# Briggs and Stratton Vanguard 35hp gas.



## SinglerM

Hi there,

Has anyone heard much about the Briggs Vanguard 35hp engine?
It's seems a worthwhile choice over the lombardini diesel.
This is assuming a choice between equippiing a Carlton SP4012:

Vanguard 35(gas) vs. Lombardini (diesel)
Duradisk vs. standard cutter wheel

The Vanguard is about $1,400 less than the Lombardini. very close in Torque. Briggs being more well known in the U.S., availablity of parts or service might be a deciding factor. The cost savings allow the upgrade to dura disk as well.
Long term reliability is a concern...the vanguard is made in Japan, so it may not be much of an issue. 

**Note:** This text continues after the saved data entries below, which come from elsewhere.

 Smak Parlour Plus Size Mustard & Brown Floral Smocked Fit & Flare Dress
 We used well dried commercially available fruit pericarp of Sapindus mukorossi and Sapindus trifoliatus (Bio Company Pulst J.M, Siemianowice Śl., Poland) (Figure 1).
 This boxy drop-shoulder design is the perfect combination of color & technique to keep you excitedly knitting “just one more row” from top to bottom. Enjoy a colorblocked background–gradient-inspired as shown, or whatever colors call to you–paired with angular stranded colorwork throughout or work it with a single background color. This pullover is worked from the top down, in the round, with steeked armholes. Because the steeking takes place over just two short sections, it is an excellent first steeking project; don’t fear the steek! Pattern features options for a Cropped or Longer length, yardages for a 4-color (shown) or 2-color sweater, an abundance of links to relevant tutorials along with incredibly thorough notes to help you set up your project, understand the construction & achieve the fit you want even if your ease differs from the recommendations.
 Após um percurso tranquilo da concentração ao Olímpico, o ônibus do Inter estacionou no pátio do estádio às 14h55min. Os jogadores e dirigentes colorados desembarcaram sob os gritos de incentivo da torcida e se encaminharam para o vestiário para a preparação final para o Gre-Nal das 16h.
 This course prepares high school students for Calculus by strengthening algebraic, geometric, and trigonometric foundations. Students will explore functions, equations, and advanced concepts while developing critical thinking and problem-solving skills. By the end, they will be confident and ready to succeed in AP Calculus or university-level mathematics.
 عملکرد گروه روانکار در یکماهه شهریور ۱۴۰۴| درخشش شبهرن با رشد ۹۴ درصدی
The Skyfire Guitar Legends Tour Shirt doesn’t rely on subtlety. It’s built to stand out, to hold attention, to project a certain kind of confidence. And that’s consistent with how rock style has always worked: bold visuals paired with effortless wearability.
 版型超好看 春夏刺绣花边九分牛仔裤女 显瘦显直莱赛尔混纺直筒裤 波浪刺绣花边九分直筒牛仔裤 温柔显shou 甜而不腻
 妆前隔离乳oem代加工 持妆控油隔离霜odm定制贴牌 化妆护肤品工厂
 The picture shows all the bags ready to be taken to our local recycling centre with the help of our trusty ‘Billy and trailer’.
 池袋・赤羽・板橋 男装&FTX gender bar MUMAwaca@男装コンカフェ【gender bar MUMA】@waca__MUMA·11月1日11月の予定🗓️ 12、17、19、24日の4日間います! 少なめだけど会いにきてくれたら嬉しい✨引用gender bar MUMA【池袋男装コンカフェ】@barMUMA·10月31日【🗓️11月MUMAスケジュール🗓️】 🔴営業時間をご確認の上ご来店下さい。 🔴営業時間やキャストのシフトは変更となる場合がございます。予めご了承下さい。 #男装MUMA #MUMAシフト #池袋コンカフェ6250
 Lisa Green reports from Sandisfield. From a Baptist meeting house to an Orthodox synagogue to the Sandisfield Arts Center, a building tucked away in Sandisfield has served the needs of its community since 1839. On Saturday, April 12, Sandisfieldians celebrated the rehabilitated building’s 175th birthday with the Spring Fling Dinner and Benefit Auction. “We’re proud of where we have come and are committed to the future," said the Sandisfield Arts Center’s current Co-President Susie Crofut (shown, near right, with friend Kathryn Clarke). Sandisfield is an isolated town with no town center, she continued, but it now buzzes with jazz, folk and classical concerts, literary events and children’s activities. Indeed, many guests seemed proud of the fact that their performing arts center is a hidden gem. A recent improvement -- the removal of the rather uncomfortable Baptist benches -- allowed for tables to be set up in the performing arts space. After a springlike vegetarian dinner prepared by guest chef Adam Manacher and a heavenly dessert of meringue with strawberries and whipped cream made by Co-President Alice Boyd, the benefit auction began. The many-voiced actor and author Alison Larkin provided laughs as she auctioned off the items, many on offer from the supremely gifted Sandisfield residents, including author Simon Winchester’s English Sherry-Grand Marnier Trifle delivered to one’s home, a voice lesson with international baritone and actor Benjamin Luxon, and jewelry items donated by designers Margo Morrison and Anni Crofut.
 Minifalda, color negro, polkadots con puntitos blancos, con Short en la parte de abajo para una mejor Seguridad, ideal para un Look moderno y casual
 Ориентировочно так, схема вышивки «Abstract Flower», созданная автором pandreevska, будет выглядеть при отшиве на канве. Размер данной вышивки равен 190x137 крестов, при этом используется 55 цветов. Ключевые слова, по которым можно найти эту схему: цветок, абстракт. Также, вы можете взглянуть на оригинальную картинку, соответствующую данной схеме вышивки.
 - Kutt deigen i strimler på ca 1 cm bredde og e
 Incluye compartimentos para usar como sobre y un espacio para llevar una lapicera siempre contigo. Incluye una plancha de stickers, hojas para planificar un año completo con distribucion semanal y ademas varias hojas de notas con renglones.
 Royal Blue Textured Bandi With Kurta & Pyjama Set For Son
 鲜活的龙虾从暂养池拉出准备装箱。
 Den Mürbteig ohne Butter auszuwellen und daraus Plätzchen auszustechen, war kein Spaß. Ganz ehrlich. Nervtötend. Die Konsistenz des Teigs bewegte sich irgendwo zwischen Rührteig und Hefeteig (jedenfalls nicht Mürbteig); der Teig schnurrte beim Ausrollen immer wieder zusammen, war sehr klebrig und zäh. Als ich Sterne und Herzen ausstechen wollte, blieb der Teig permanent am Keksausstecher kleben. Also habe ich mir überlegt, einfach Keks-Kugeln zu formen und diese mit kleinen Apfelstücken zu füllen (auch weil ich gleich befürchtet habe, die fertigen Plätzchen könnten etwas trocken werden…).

Less vibration and better cutter effiency have me leaning heavily toward the duradisk.
I was just curious to hear any feedback on the Vanguard or comparisons to the Lombardini.
If any experienced owner or operator would be willing to share their opinion, it would be greatly appreciated. 

Any long term updates or reviews on the dura disk would be great as well. I know they've been out for awhile...maybe time will have had a chance to tell on whether the dura disk and the more expensive teeth are worth the extra cost.

My thoughts so far are to get a Vanguard 35/Dura disk equipped Carlton SP4012.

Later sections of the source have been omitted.